## Required action
Here is a block of records. Copy every line in it that includes "with".

Collection entries
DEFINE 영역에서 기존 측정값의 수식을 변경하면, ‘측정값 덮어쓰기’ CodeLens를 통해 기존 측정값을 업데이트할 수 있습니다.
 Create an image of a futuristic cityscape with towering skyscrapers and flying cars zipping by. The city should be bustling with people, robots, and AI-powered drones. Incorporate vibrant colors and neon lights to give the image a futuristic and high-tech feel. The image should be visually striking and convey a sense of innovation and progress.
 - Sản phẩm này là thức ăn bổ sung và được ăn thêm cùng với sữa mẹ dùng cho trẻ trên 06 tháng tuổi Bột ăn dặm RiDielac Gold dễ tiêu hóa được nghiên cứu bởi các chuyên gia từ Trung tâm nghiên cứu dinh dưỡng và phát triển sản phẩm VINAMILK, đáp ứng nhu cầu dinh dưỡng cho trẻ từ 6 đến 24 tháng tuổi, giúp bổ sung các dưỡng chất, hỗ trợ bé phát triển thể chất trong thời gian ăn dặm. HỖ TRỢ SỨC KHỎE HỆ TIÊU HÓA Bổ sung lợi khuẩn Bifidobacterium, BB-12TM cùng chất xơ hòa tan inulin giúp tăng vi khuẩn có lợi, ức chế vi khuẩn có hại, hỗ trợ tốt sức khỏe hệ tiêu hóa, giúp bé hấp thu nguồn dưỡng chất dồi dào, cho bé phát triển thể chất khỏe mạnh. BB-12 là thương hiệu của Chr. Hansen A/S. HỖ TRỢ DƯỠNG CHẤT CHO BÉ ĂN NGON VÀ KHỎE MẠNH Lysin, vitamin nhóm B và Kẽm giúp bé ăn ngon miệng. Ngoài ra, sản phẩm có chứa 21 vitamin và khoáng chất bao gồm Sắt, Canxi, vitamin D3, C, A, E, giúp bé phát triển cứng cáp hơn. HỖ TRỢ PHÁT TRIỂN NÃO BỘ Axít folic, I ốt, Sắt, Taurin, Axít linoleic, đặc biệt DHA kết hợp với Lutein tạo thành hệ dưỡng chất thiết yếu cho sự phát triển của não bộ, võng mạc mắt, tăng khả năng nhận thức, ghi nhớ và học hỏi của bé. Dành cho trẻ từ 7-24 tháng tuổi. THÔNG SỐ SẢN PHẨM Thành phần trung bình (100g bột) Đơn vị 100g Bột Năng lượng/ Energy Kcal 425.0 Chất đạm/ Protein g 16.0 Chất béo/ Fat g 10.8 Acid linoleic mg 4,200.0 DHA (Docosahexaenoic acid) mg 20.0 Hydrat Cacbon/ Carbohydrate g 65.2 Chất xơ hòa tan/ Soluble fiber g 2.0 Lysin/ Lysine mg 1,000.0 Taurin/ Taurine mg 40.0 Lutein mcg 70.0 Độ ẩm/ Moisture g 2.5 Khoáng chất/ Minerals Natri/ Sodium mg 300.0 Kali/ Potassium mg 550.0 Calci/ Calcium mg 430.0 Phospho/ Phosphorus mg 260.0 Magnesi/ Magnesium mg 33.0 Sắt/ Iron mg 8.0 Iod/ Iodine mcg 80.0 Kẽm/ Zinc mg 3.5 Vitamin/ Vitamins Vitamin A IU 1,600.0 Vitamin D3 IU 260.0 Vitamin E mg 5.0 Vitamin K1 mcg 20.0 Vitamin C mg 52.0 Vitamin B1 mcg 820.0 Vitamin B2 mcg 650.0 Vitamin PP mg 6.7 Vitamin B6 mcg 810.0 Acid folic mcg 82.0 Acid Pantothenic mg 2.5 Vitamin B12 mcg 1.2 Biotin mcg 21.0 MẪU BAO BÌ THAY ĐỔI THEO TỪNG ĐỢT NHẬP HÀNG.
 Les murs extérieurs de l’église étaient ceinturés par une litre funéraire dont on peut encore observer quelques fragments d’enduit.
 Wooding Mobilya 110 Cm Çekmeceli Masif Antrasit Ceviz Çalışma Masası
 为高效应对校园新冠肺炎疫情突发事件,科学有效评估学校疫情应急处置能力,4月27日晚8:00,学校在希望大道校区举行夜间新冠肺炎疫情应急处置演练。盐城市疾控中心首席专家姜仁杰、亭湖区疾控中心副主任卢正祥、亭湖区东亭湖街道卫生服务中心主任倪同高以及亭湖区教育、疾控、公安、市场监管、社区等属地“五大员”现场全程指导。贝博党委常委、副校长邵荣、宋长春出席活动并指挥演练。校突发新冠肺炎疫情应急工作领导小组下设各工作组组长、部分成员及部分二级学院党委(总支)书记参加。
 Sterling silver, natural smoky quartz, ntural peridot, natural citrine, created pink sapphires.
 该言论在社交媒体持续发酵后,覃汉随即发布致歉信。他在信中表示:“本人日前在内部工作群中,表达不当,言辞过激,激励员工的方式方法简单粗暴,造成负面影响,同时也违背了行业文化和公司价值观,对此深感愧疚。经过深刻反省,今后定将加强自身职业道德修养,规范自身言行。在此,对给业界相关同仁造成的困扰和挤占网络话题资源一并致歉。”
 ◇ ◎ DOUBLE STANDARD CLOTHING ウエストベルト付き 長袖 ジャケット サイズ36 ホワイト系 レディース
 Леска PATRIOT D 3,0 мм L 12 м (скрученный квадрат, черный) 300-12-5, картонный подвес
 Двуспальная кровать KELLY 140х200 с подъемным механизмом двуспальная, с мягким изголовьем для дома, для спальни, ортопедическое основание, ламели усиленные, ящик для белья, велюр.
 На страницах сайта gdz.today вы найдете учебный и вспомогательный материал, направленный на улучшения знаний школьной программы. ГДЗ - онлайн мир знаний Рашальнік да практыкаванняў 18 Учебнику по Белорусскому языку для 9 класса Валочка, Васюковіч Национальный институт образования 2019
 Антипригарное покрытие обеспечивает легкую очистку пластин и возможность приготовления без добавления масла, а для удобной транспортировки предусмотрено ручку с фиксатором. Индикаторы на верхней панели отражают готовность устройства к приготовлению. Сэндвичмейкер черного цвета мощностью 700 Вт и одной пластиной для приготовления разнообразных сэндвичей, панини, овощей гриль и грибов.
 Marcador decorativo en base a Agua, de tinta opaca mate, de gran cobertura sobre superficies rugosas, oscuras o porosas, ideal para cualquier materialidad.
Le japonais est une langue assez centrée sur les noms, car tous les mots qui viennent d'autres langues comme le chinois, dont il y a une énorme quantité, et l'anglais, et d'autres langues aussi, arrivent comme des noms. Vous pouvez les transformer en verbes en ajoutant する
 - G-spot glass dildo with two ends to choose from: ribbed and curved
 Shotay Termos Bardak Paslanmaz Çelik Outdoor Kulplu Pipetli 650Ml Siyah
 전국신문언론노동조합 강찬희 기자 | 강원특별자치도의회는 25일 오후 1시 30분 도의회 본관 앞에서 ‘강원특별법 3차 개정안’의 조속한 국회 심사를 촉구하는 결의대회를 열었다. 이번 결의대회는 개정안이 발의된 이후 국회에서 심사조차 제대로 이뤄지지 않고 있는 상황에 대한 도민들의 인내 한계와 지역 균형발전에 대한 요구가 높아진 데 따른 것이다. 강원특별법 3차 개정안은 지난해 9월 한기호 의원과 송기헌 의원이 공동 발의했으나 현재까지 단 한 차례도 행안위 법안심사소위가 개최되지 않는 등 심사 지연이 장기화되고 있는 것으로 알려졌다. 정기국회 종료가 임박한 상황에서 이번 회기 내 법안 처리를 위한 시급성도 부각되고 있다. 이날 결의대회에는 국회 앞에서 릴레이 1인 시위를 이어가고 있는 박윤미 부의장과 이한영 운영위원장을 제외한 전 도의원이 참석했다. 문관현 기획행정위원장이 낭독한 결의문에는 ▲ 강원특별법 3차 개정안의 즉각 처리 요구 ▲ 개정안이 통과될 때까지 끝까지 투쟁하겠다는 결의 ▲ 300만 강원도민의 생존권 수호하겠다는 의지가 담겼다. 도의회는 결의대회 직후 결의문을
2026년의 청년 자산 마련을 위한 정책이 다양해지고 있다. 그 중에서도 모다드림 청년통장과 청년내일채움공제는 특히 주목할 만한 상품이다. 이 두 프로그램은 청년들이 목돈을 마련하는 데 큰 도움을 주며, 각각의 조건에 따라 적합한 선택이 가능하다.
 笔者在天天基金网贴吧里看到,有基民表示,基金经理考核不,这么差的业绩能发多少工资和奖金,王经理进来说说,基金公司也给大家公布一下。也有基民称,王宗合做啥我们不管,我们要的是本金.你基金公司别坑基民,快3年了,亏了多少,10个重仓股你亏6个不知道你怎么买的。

## Final answer
 Create an image of a futuristic cityscape with towering skyscrapers and flying cars zipping by. The city should be bustling with people, robots, and AI-powered drones. Incorporate vibrant colors and neon lights to give the image a futuristic and high-tech feel. The image should be visually striking and convey a sense of innovation and progress.
 - G-spot glass dildo with two ends to choose from: ribbed and curved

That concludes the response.